Après le drame de Sivens, Pascal Bruckner, enfile la veste d’Allègre.

Le Monde fait beaucoup d’honneur à Pascal Bruckner en le plaçant  entre E Morin et H Reeves dans un débat consacré au drame du barrage de Sivens. Il y déverse ce dégout des autres qui s’empare quelques fois dans la vieillesse de « ceux qui commencent en subversifs pour finir en grincheux » (de Pascal Bruckner lui même, dans ‘’Un bon fils’’).

Passé de la gauche extrême au sarkozysme le plus servile, le voilà aujourd’hui payant son dû à la réaction, en exerçant sa tyrannie d’essayiste contre ce qu’il nomme, « La tyrannie des idéologues verts ».
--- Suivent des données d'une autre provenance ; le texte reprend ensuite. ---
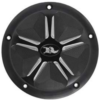
5-Spoke Derby Cover, 5-Hole Black Machine 8-923

Bruckner croit-il pouvoir être entendu des lecteurs du Monde en maniant un aussi gros cliché ? Ou bien ne cherche-t-il - hors de tout dialogue productif  et par l’effet d’une formule qu’il frelate à besoin - qu’à récupérer cette frange « Tea-partiste » que regroupait il y a quelques années Claude Allègre, autre figure perdue de  l’intelligentsia nationale.

Dans une affaire au sujet de laquelle un rapport produit pour la ministre de l’écologie par deux ingénieurs  généraux des ponts, des eaux et des forêts  dit, entre autre, ceci : « Le choix d'un barrage en travers de la vallée a été privilégié sans réelle analyse des solutions alternatives possibles »,

Dans une affaire où les divergences d’opinions autorisées sont multiples (sauf bien entendu dans l’entre soi des élites politiques et agricoles régionales et nationales, (Conseil Général, Agence de l’eau, Préfet),

Dans une affaire où  les contrevérités s’accumulent  - Certains parlent de 80 agriculteurs concernés par l’irrigation justifiant le barrage, d’autres d’une vingtaine ; et les rapporteurs du ministère constatent qu’entre le moment où le projet a été conçu à la fin des années 90 et aujourd’hui, les besoins en irrigation se sont réduits, du fait de la réduction du nombre d’agriculteurs concernés -,

Dans une affaire, donc, où même Ségolène Royal, pourtant du même sérail que ces hommes du Tarn mouillés dans un conflit d’intérêts, est obligée de convenir qu’ « il y a eu une erreur d’appréciation sur Sivens »,

On se demande pourquoi Pascal Bruckner se croit obligé de s’ériger en avocat d’un dossier en déshérence ?

En fait, sa seule raison est de pouvoir délayer sa haine de l’écologie et des écologistes, traitant ces derniers de tous les noms : « On peut s’amuser de ces rebelles divagants »,  « Ce sont nos Amish hexagonaux », « nos bons sauvages ».

Accumulant les accusations contre ceux qui se sont opposés au barrage, il multiplie les procédés d’inversion.

La « tyrannie des féodalités » vient des écologistes. Mais pas des élus qui multiplient les casquettes, jusqu’à être juge et partie.

« Leur proposition (de barrage) a été démocratiquement votée » nous dit Bruckner. Comme s’il suffisait d’être élu pour devenir démocrate !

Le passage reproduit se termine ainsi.